● Provided material:

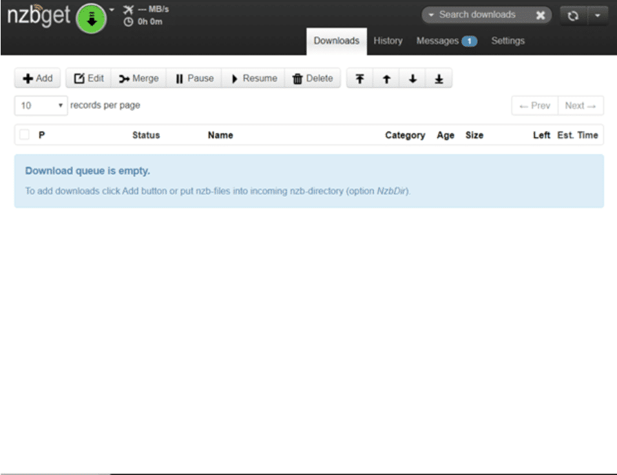 The first time you launch NZBGet, you’ll see the main NZBGet screen:
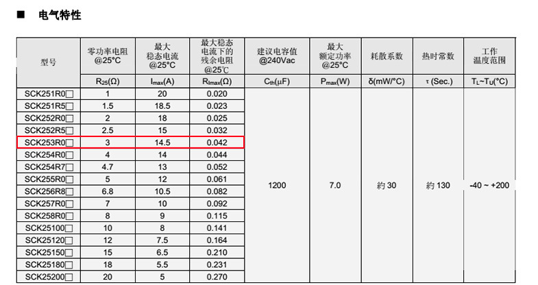 熱敏電阻: VT 熱敏電阻型號(hào): SCK253R0MSY 熱敏電阻片徑: Φ25mm 零功率電阻@25℃: 3Ω 工作溫度范圍: -40℃±200℃ 儲(chǔ)存溫度范圍: -40℃±85℃
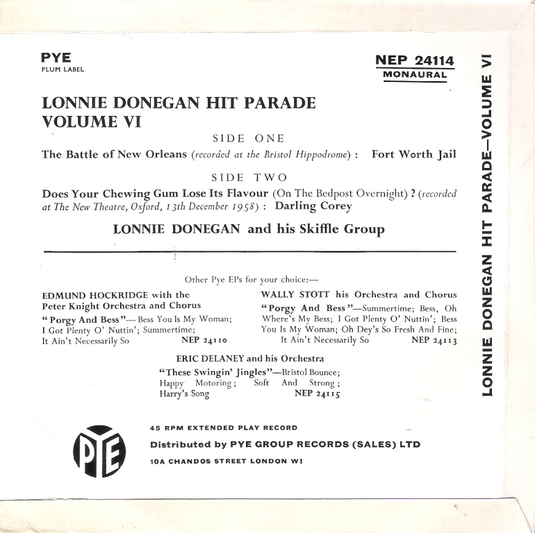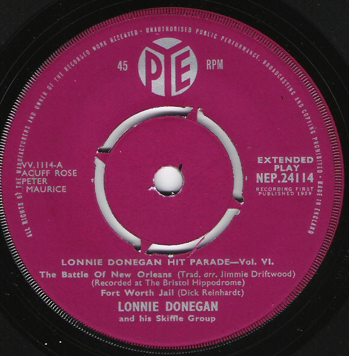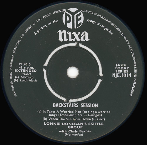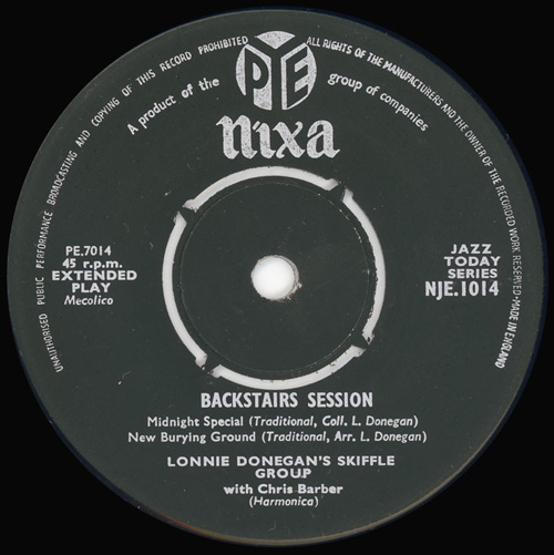 Zunächst eine EP mit Midnight special / When the sun goes down / New Burying ground / Worried man blues (Mixa NJE 1014). Die vier Songs wurden am 19.5.1955 aufgenommen und zur Besetzung gehörten neben Lonnie Donegan (git, voc) auch Chris Barber (harmonica), Dick Bishop (git, voc), Jim Bray (bass), Bob Watson (voice) und Pete Korrison (mandolin).
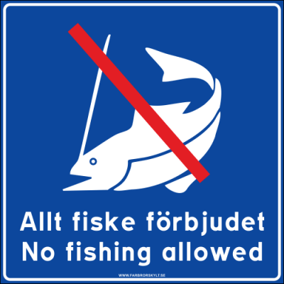 Skylt ”Allt Fiske Förbjudet, No Fishing Allowed” Blå 45x45cm 2 är en rejäl skylt i 1,4 mm hållbar och slitstark aluminium. Skylten trycks på printfolie med blå bakgrund och en vit fisk som är överstruken av ett rött streck. Texten upplyser ”Allt fiske förbjudet” och är svår att missförstå. Den får ett skyddande lager laminat så att den håller i väder och vind i många år.
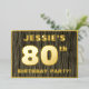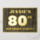 The front of this bold eightieth birthday party foil invitation card features a customizable name, a large number “80th”, the message “BIRTHDAY PARTY!”, and a border, all in foil. The background of the front features a rustic, yet elegant, faux wood grain appearance inspired pattern. The back features personalized details about the event, such as the date, time, venue/place, and any other information that may be useful. Editable invitations like these might be used to invite attendees/guests to a birthday party being held to honour somebody’s 80th birthday. [~Z0000598]

● Activity: Reproduce the records above from their first line to the line bearing "熱敏電阻: VT 熱敏電阻型號(hào): SCK253R0MSY", both ends included, leaving every picture out.

● Written response:
 The first time you launch NZBGet, you’ll see the main NZBGet screen:
 熱敏電阻: VT 熱敏電阻型號(hào): SCK253R0MSY 熱敏電阻片徑: Φ25mm 零功率電阻@25℃: 3Ω 工作溫度范圍: -40℃±200℃ 儲(chǔ)存溫度范圍: -40℃±85℃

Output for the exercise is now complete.